Ехали на поезде, тоже телячьи вагоны. Привезли под Вязьму. В октябре. Оттуда повезли в Великие Луки. От Великих Лук пешком к передовой. Шли кто как, растянулись по дороге. Дней 5 или 6 шли — по одному, по две. Провожатый-то скрылся где-то. Я один остался, голодный. Иду — никого нет. Кормились как? Бураки, ну… свекла такая, внутри красная, белая, слоями. У костра ее пожаришь и ешь. Иду — устал, света не вижу, машина идет. Проехали, остановился, назад сдали — офицеры какие-то: "Солдат, куда идешь? Влезай!" Залез я… Кусок сала, хлеб…
Голос дяди Ильи дрогнул, лицо вдруг съежилось, он отвернулся и махнул рукой.
Сидим молчим с дядей Ильей. Он продолжает:
— Догнал ребят. Железница станция называлась. Стоят понемногу ребята, собираются, по 5–6 человек. Один позже меня пришел, Скворцов. Ему офицер — ты дезертир. Стрелять тебя будем. Скворцов белый стоит. А там один мужик был, видно, что бывалый, "Слушай, — офицеру этому говорит, — если ты нам к вечеру не привезешь продуктов, то мы тебя самого зажарим и съедим". К вечеру и жратва была, и все, и хлеб, и концентраты… И Скворцов живой.
— Как первый бой?
Дядя Илья замешкался, будто я спросил глупость, потом помолчал, подбирая слова, а потом как резанул:
— Первый бой был такой — все бегут и я бегу. Потом залегли. У них пули разрывные были, и кажется — и впереди стреляют, и взади стреляют.
— Ну немцев-то видите?
— Как не видим? Видим. Вот они, который близко, который далеко. То, глядишь, каска мелькнет.
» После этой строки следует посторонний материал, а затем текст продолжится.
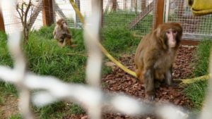 Photo prise en quarantaine à l’arrivée des primates(Arthur et Wallace de gauche à droite).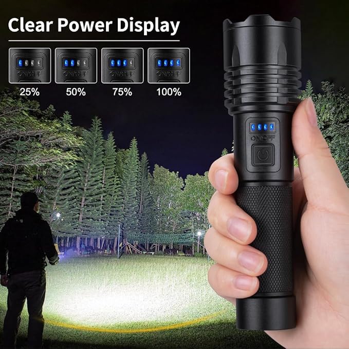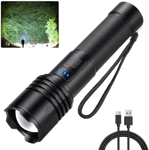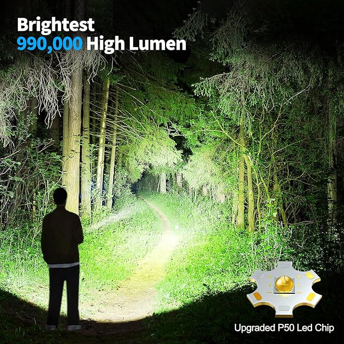 - 990000 High Lumen - The rechargeable flashlight uses a high-brightness led chip, and its brightness is 20 times that of an ordinary flashlight. The maximum brightness is up to 990,000 lumens, which is the best choice for your home, outdoor, camping, hiking.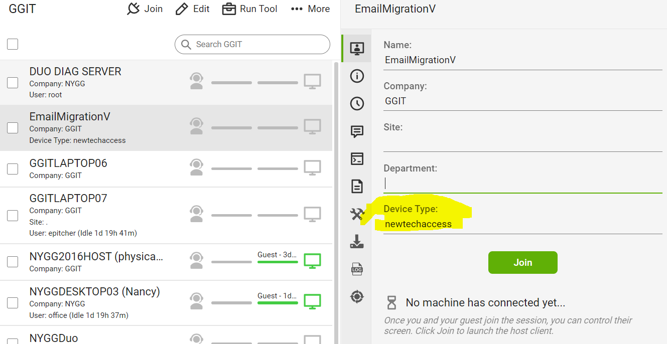 To add a machine to the New Tech Access group, add the exact phrase "newtechaccess" (no quotes) to the machine's Device Type field:

— А вообще, какая… задача-то у вас была?
Дядя Илья посмотрел на меня, как на дурака:
— Вперед. В 43-ем — одна задача была — вперед. Потом в оборону нас поставили: Большая Пуща, малая Пуща. Мы там еще простояли.
— А медаль? За что наградили?
Дядя Илья снова стесняется:
— Не знаю, за чо наградили. За храбрость, вроде. Короче, вот дорога, вот куветы. (Дорогу изображала ложка, "куветы" — две чашки) Мины вот здесь легли, и вот здесь (показывает на чашки). Я услыхал, когда начали стрелять, ну и сюда летит, по шипу знаю, что где-то здесь лягут. Лег посередке — деваться некуда, и вот одна с этой стороны дороги легла, другая с той. Дорога-то выше, ну и осколки — в бугор. Выходит, берег Бог меня.
— Еще психическая атака у немцев была. Все пьяные, рука к руке идут (дядя Илья показал, как касаются немцы друг друга поднятыми локтями) — стреляют.
— Сколько до них?
— 150 метров. Мы стрелять начнем — лягут, потом снова идут.
— Ты попадал в немца-то?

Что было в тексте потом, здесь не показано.